Privately, I spend some time every day inhaling the unfiltered atmosphere, training myself not to choke. Sometimes I succeed. It’s a trust fall into the world. I’m trying.
The playground’s plastic and metal equipment is not much different from my own childhood’s. Nisha has a routine. Even before greeting her friends, she scrambles up a ladder and crawls the monkey bars, skipping every other bar. From the last bar she launches herself into space. The air will catch her. I don’t wait underneath like I used to, but I don’t sit down on a bench until she lands on the web of ropes and climbs to a platform.
“You have kids here?” the young mom next to me asks kindly. An unused rebreather is clipped to her shoulder. The kids don’t need them, their parents have them “just in case,” and their grandparents suck on them like life support. Fashion across the generations.
“Granddaughter,” I say, gesturing to Nisha.
“Those two are mine,” she says, pointing at a pair of boys, a few years older than Nisha, doing their best to hurl each other, and all comers, off the highest platform. “We used to go to a different park, but this one’s actually closer.”

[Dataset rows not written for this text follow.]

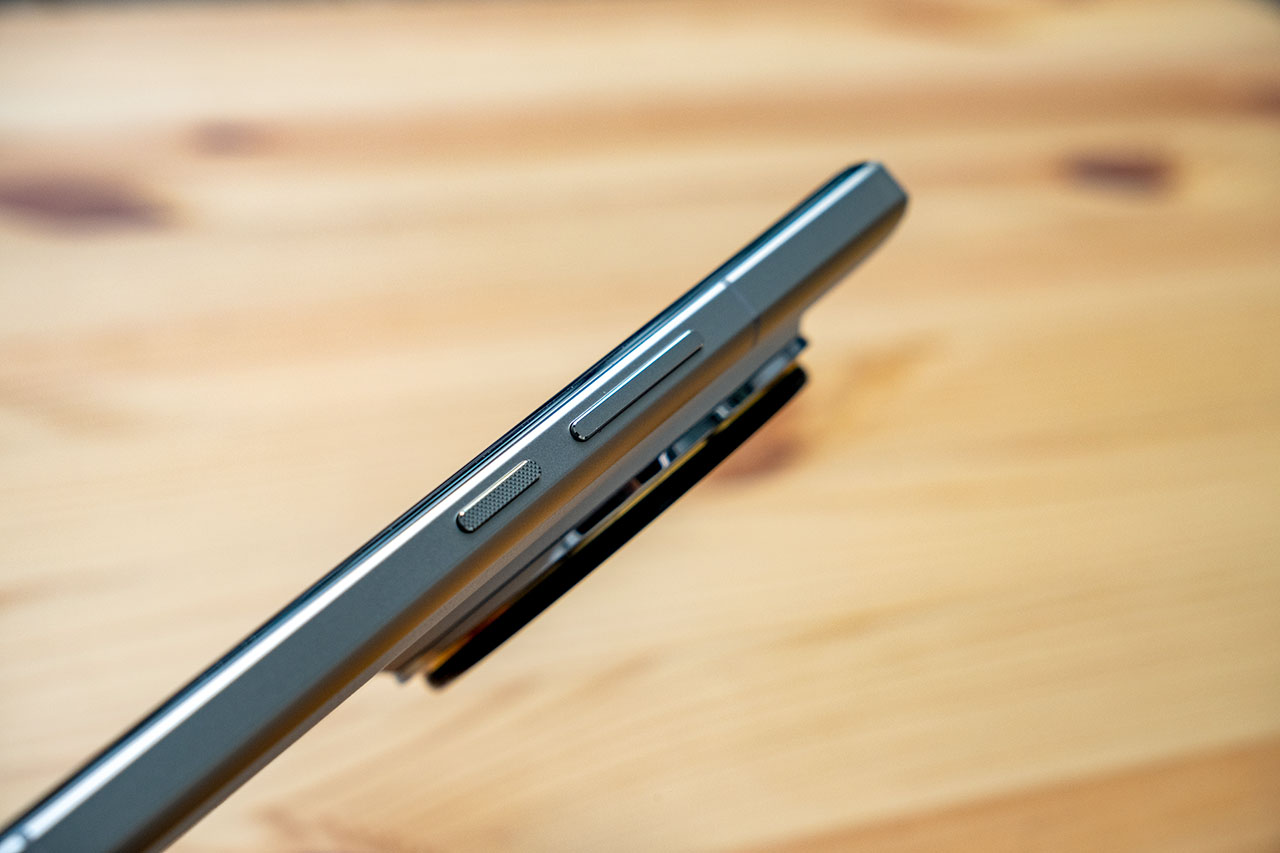 高性能なカメラを積んでいるため、縦持ちで使うとカメラユニット部分が大きく出っ張っていて邪魔に感じます。重心も上に偏ってしまうため、気を抜くと落としそうになります。
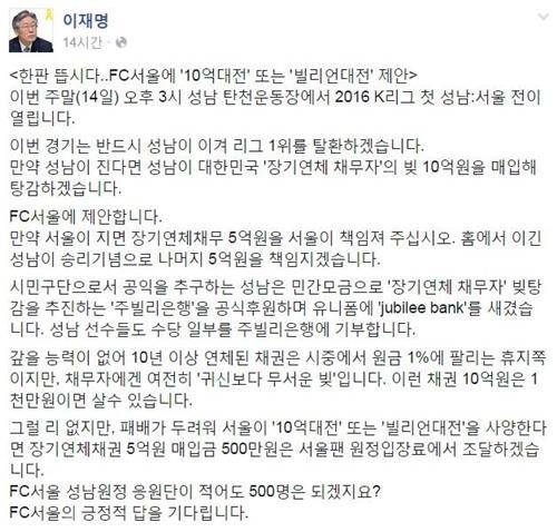 이재명 시장은 "서울이 패배가 두려워 10억대전을 사양한다면 장기연체채권 5억원 매입금 500만원은 서울 원정 팬 입장료에서 조달하겠다. 긍정적 답변을 기다린다"고 밝혔다.
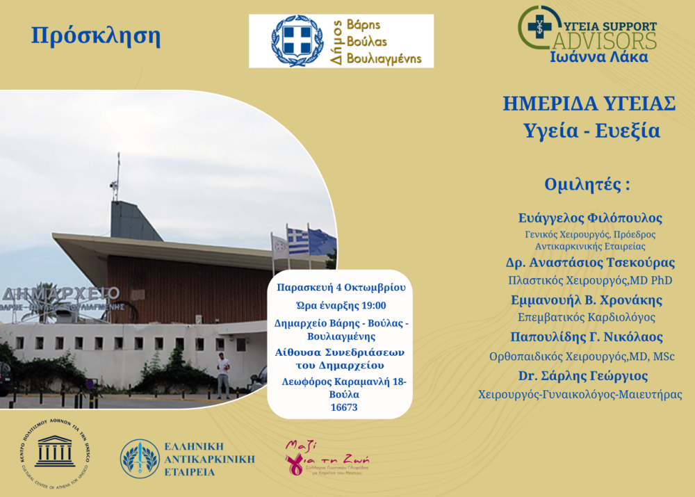 Ο Δήμος Βάρης Βούλας Βουλιαγμένης διοργανώνει την Παρασκευή 4 Οκτωβρίου και ώρα 19.00, στην αίθουσα του Δημοτικού Συμβουλίου του Δημαρχείου Βάρης Βούλας Βουλιαγμένης, ημερίδα υγείας με θέμα «Υγεία – Ευεξία». Με τη συνεργασία του Κέντρου Πολιτισμού Αθηνών για την UNESCO, της Ελληνικής Αντικαρκινικής Εταιρείας και του Συλλόγου Γυναικών Γλυφάδας με Καρκίνο του Μαστού ‘’Μαζί για τη Ζωή’’.
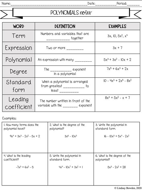 Web these polynomial guided notes and worksheets cover: 1) −10 x linear monomial 2) −10 r4 − 8r2 quartic binomial 3) 7. Degree and coefficient of polynomials.
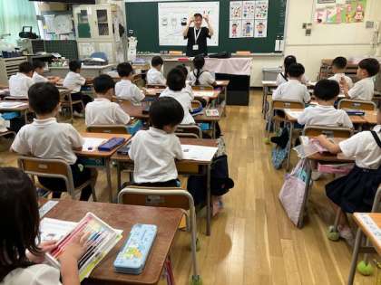 栄養教諭の方に来ていただいて、1年生で栄養の授業をしていただきました。
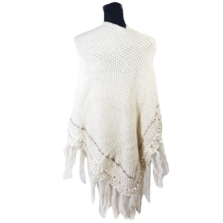 S_60300C - LUXE PONCHO CREME MET FRANJES - MODEL STER (1st)
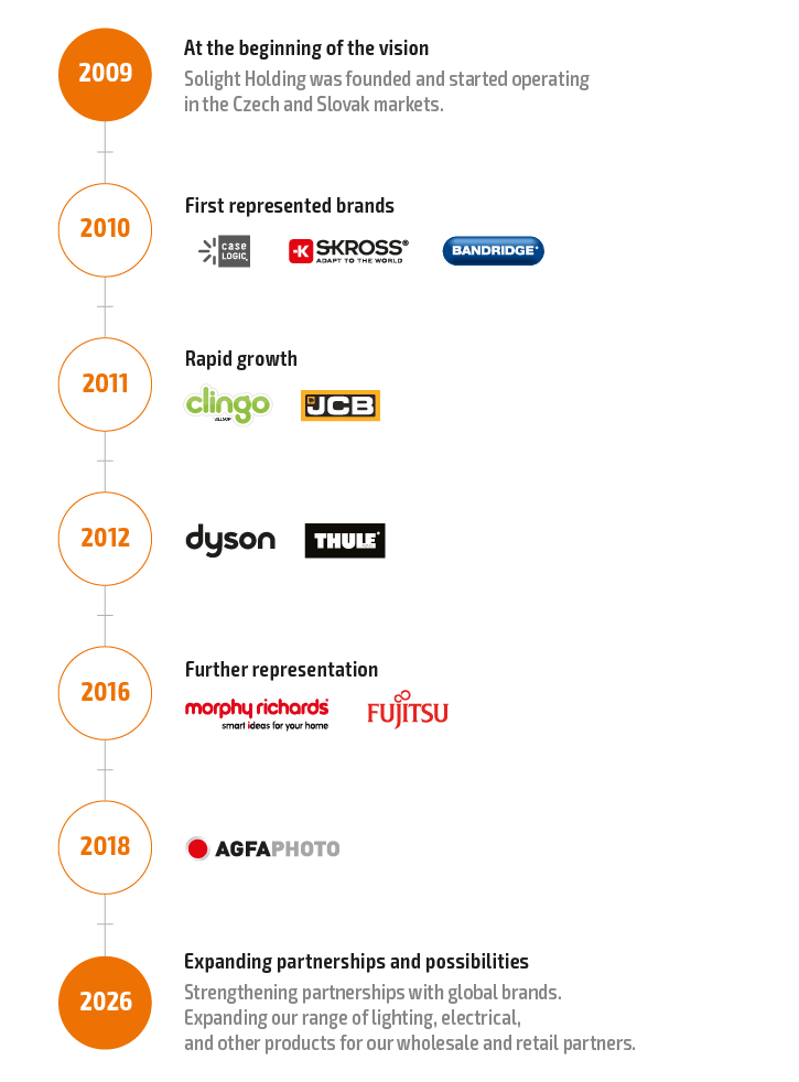 Solight was established in 2009. From the very beginning, we focused on the distribution of wiring material and appliances, and thanks to persistent efforts, we gained a strong position on the Czech and Slovak markets in a short time.
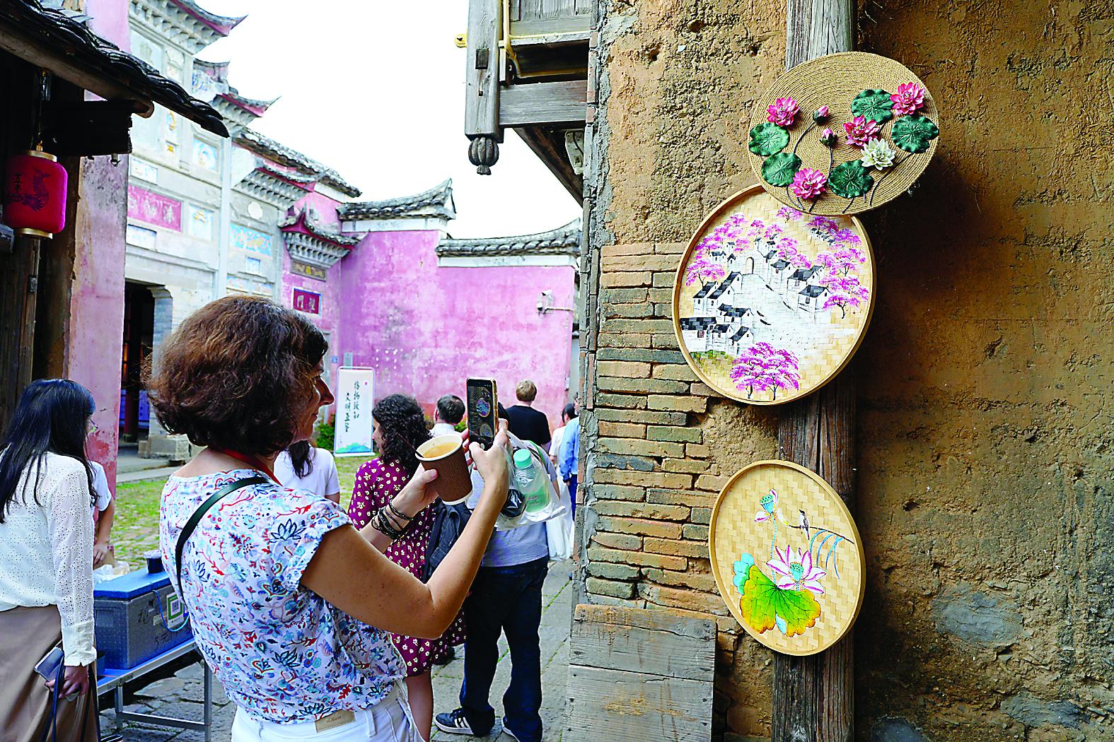 “这个龙鱼墙太震撼了。”来自福州的摄影爱好者陈翰玉调整着镜头,“尤其是阳光照射时,橙黄色的龙鱼与青砖形成鲜明对比,特别出片。”
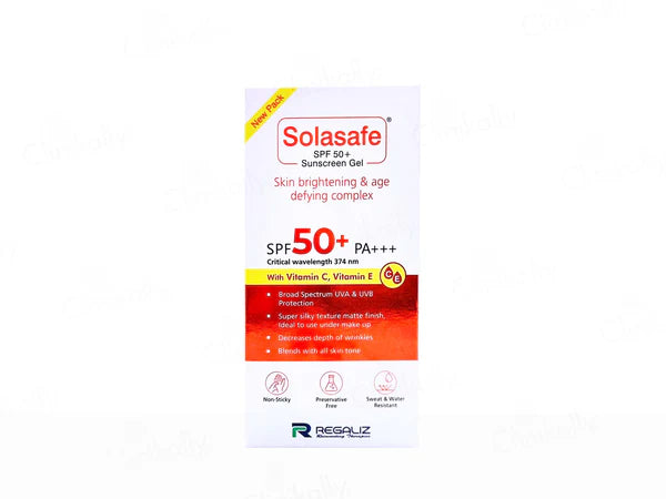 Solasafe SPF 50+ Silicone Sunscreen Gel is a skin brightening and age-defying antioxidant complex that provides advanced protection against UV rays.
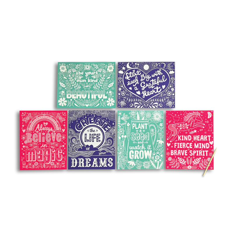Această trusă de artă de zgâriat nu este doar o activitate distractivă pentru o zi ploioasă, ci și o operă de artă care te face să te simți bine după ce o termini! Sunt incluse șase hârtii de răzuit din foiță aurie sau argintie, împreună cu un creion de răzuit. Fiecare hârtie prezintă un mesaj motivațional, astfel încât, odată zgâriată, rămâi cu ceva care chiar strălucește.
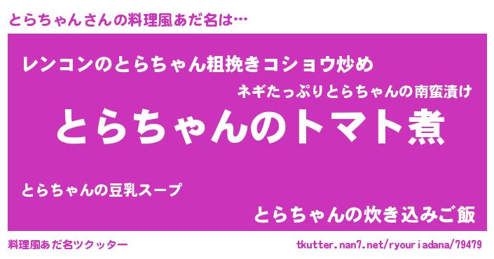 | 男性向けラノベタイトル風あだ名 | 『おまえをオタクにしてやるから、俺をとらちゃんにしてくれ! 』 |
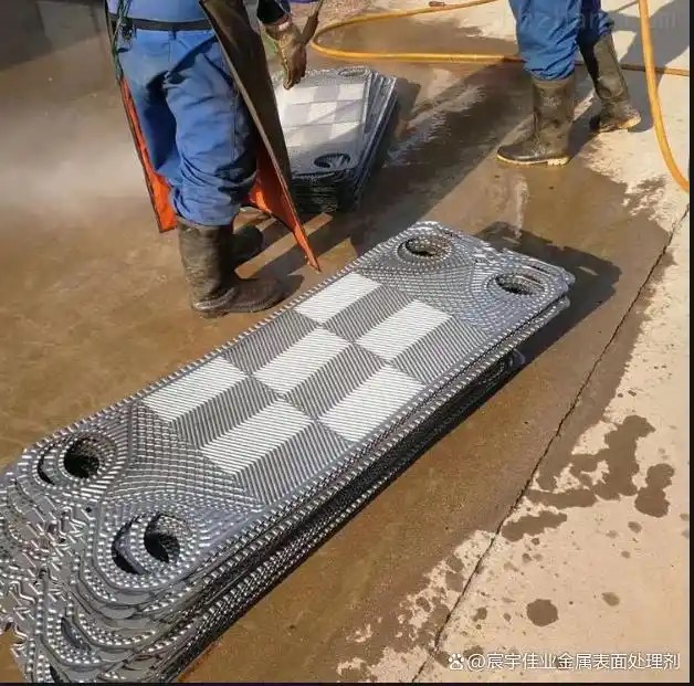 物理沖洗:先用高壓水或軟化水沖洗板片,清除表面浮塵、泥沙等雜質,確保酸液能充分接觸垢層。
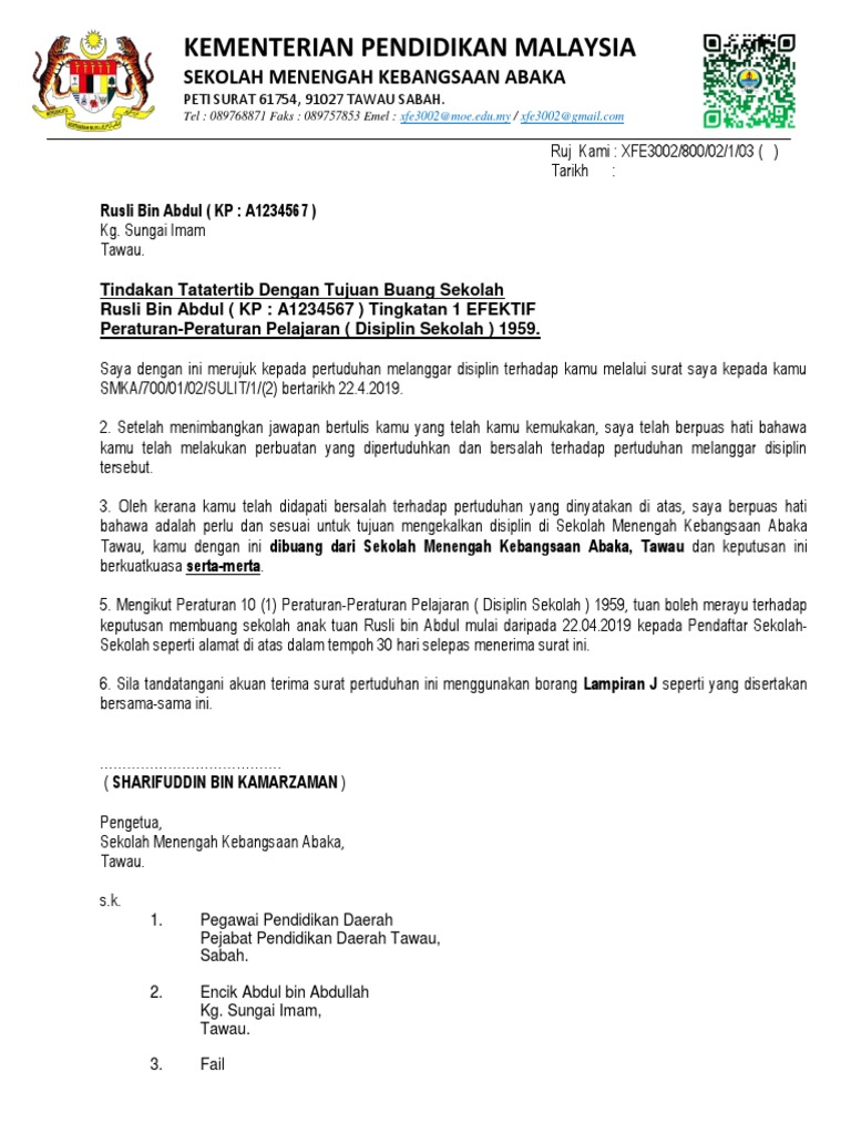 Contoh surat buang sekolah. Bersama sama dengan surat ini saya sertakan salinan keputusan pmr saya sebagairujukan pihak tuan puan 5. Contoh surat buang sekolah sekolah menengah kebangsaan sultan idris shah ii 33300 gerik tel. Contoh surat rasmi buang sekolah in addition it will feature a picture of a kind that could be seen in the gallery of contoh surat rasmi buang sekolah. Mengikut peraturan 10 1 peraturan peraturan pelajaran disiplin sekolah 1959 tuan boleh merayu terhadap keputusan membuang sekolah anak tuan rusli bin abdul mulai daripada 19 9 1991 kepada pendaftar sekolah sekolah seperti alamat di atas dalam tempoh 30 hari selepas menerima surat ini.
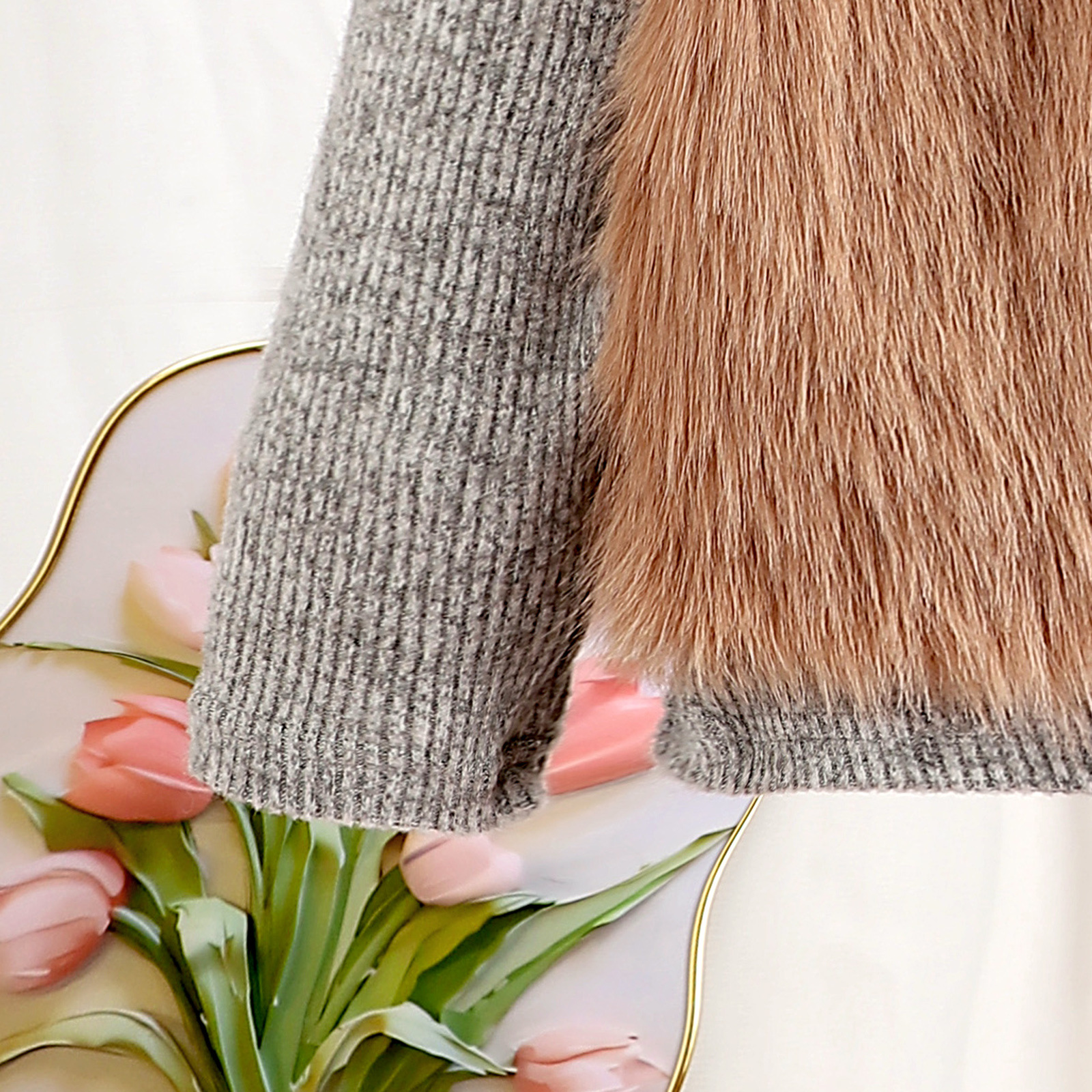 어린이 의류 소녀 세트 다크 브라운 활 마오 마오 조끼 솔리드 컬러베이스 푸 주름
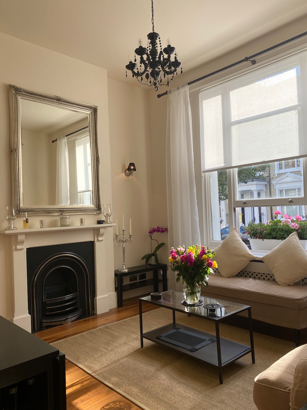 Elegant First Floor Flat close to Fulham Broadway tube giving you versatile access to all of Central London. Spacious bedroom with Super King bed and an ensuite shower room with rain shower and feature lighting. A bright and airy reception room with a sofa bed (for extra guests) and a TV with Netflix. A full equipped kitchen with oven, convection hob, microwave and Nespresso coffee machine. A south west facing terrace overlooking mature trees that lead to the park. Wifi is available.
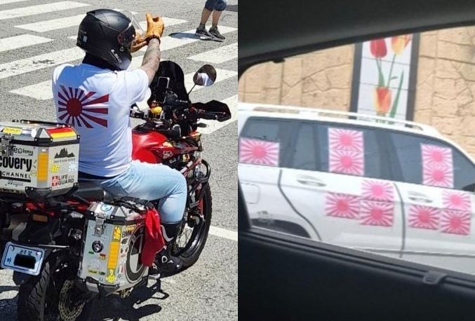 최근 일본의 군국주의를 상징하는 전범기인 욱일기를 붙이고 도로를 누빈 벤츠 차량이 입길에 오른 가운데, 이번에는 욱일기 티셔츠를 입은 라이더가 등장해 논란이 되고 있다.
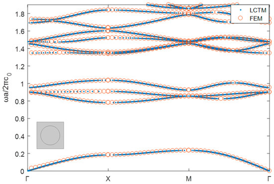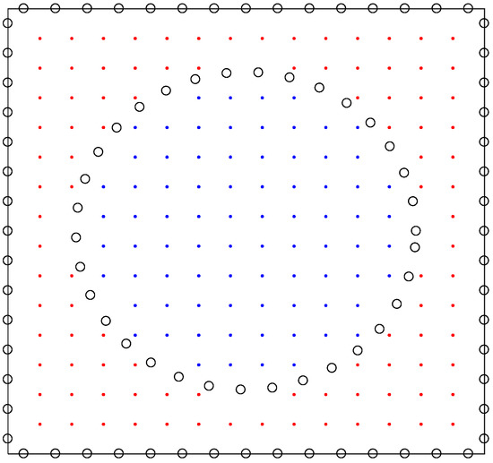 In the first example, the unit cell structure of aurum/epoxy phononic crystal consists of a square lattice and a circular scatterer. The filling fraction of the circular scatterer is 0.4. Figure 5 shows the corresponding node distribution in the proposed LCTM. In the present numerical implementation, the discretization node number is with node spacing . The calculated band structures obtained by using the proposed LCTM and the FEM (COMSOL, 288 elements) are in good agreement, which is shown in Figure 6.
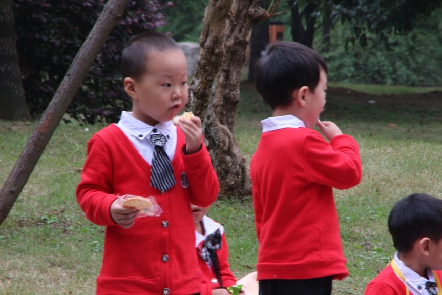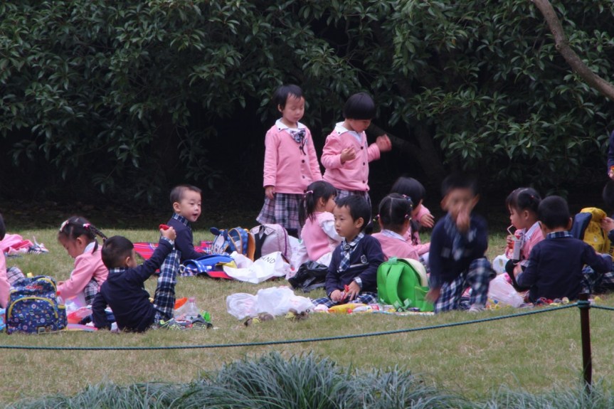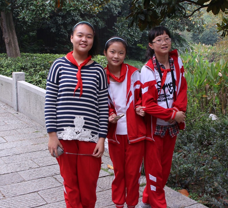 After visiting a silk factory and learning a bit more about silk production (not a great stop – really a sales pitch), we visited our last park – No. 2 Park for Hubin Road. Believe me, it was much prettier than the name implies. It happened to be the days the local schools were having their holiday – what we would call a field trip. There is one school holiday per semester as required by the central government. Mark could hardly enjoy the park for my asking him to take pictures of the various school groups – love their uniforms!

I correctly guess they go to Nisha’s school, and we talk about homework, teachers, and activities. She’s patient as I time my words with the rebreather.
I hear shouting from the playground equipment as if through water. A boy sails over a platform’s railing. I can’t tell if he was thrown by my bench-mate’s boys or jettisoned himself. All the adults watch. None rise to their feet. Kids fly now, but I’m the only one still with a helicopter instinct. I grip the bench and keep my seat. The hiss of my rebreather is fast and shallow. The air will catch him. It’s like a prayer. The boy somersaults in slow motion, somehow landing on his feet. He bounces and is airborne again, climbing the ropes onto the platforms.
“I’ll never get used to that,” I say.
“My mother says one never stops worrying.”
Her mother says that. I suppose it’s true. Maybe every generation looks askance at the wonders of the next, afraid to trust them.
I’m embarrassed and irritated by the sound of my breathing. I’m no invalid. As casually as I can manage, I pull the rebreather from my nostrils. I inhale a thick, wet deluge, and manage not to cough. My chest expands. I’m not drowning. I let it out, and bring it back.
Nisha isn’t roughhousing. She’s talking with girls her age, their voices distorted by the atmospheric soup. But at any moment they could fling themselves from a ladder.
Would you jump off a roof if your friends did? My parents asked me that.
I would if it looked fun, I didn’t dare reply.
How the world has changed.
And it does look fun.
I’m on my feet. I don’t remember rising. I step onto the ladder rung and pull myself up. This movement is familiar, easier than walking. I’m not as strong anymore, but now I’m buoyant. The strange science that resists me walking also holds me up. The young parents watch with amusement, not worry. They’ve learned to trust the world. Can I?
I crawl the bars like my granddaughter, every other one, building momentum in slow motion. I grip the last bar with both hands and kick as though swimming, which I haven’t done in years. My body remembers.
I launch myself into space.

Nice story, Rajiv!
Thanks, Scott! I’ve started to get into a groove of writing older characters (hmm… wonder why?), and am discovering a natural richness to their perspectives. It’s fun.